FDA Adverse Event Malfunction Summary report: N

CGUARD PRIME CAROTID STENT SYSTEM

MDR report key: 23381119 · Received October 24, 2025

Report

Report Number
3032814119-2025-00014
Event Type
Malfunction
Date Received
October 24, 2025
Date of Event
August 21, 2025
Report Date
October 24, 2025
Manufacturer
INSPIREMD LTD.
Product Code
NIM
Product Problem
Yes
Report Source
Distributor report
Reporter Location
NY, US
Reporter Occupation
PHYSICIAN
Health Professional
Yes

Narratives

Additional Manufacturer Narrative · 0

DEVICE ANALYSIS AND INVESTIGATION IS IN-PROCESS.

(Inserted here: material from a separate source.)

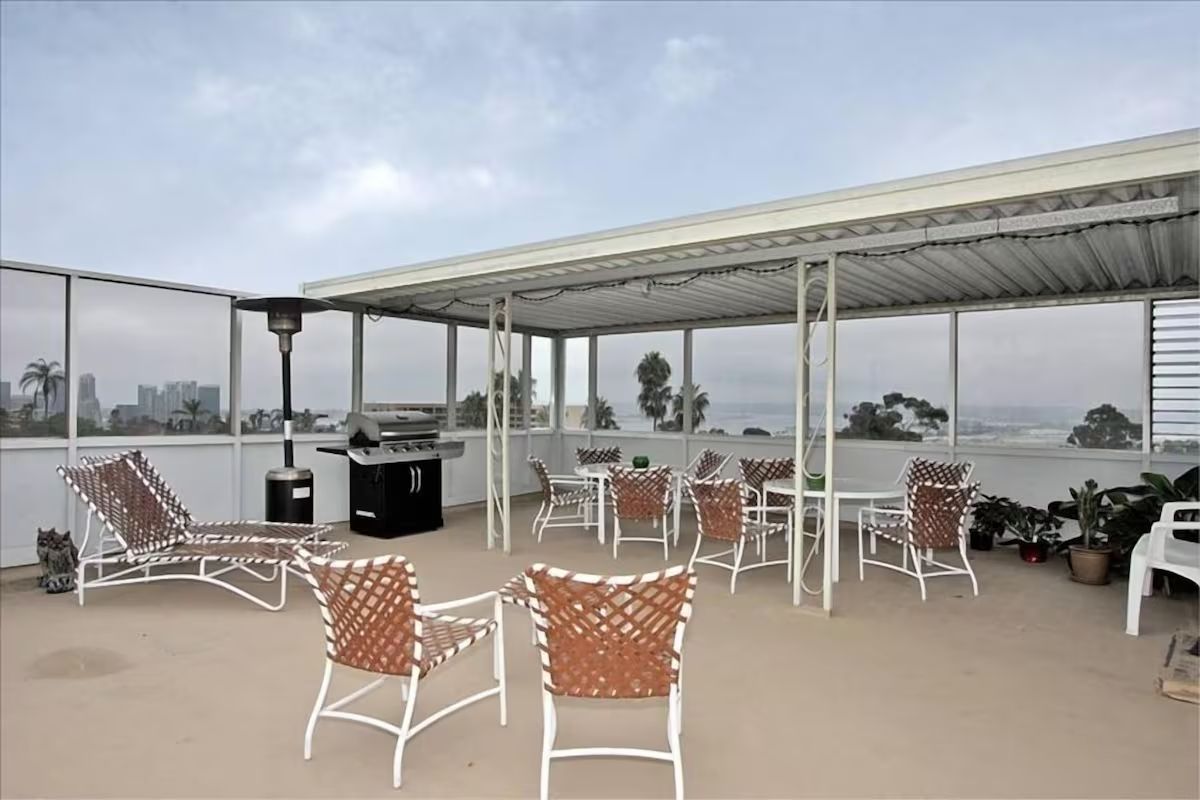 The building features a common area rooftop patio with PANORAMIC views of San Diego Bay, Downtown, Balboa Park & the Sea World fireworks. A BBQ is available for residents' use. We also have 1 parking space in the underground, secured garage.

Additional Manufacturer Narrative · 0

DEVICE ANALYSIS AND INVESTIGATION IS IN-PROCESS. SUPPLEMENTAL FOLLOW UP REPORT. A ROOT CAUSE INVESTIGATION WAS CONDUCTED FOR THIS EVENT WHICH INCLUDED A RETURNED PRODUCT VISUAL AND FUNCTIONAL ANALYSIS, INTERNAL LOT RECORD REVIEW, AND CLINICAL CASE IMAGING REVIEW. THE RESULTS INDICATE THAT THIS LOT WAS PROCESSED WITHOUT INCIDENT, AND THE DEVICE CONFORMS TO THE SPECIFICATIONS. A ROOT CAUSE FOR THE NON-DEPLOYED STENT COULD NOT BE FOUND AND THE INVESTIGATION FINDINGS DO NOT LEAD TO A CLEAR CONCLUSION ABOUT THE CAUSE OF THE REPORTED ADVERSE EVENT FDA CODE 4315.

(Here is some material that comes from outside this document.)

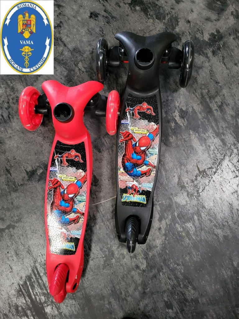 “Ca urmare a controalelor, inspectorii vamali au descoperit în primul container 2.670 trotinete pentru copii, cu însemnele a mărcilor comerciale DISNEY și MARVEL. În cel de-al doilea container, inspectorii vamali au descoperit 730 carduri de memorie și adaptoare cu însemnele mărcii MICRO SD, 150 căști wireless și 50 ceasuri smart cu însemnele mărcii APPLE.

Description of Event or Problem · 0

THE DEVICE WAS USED THROUGH A TRANSFEMORAL APPROACH ON THE PATIENT'S RIGHT SIDE. THE STENT WAS DEPLOYED SUCCESSFULLY. DURING DEPLOYMENT, RESISTANCE WAS NOTED ON THE LEVER OF THE HANDLE. DURING RETRACTION OF THE DELIVERY SYSTEM, TENSION/PRESSURE WAS EXPERIENCED. THE SYSTEM FRACTURED AT THE DISTAL END OF THE SYSTEM WHILE INSIDE THE PATIENT. THE PHYSICIAN USED AN ASPIRATION TECHNIQUE AND 6 CC TO REMOVE THE BROKEN DELIVERY SYSTEM FROM THE PATIENT. NO PATIENT HARM WAS REPORTED.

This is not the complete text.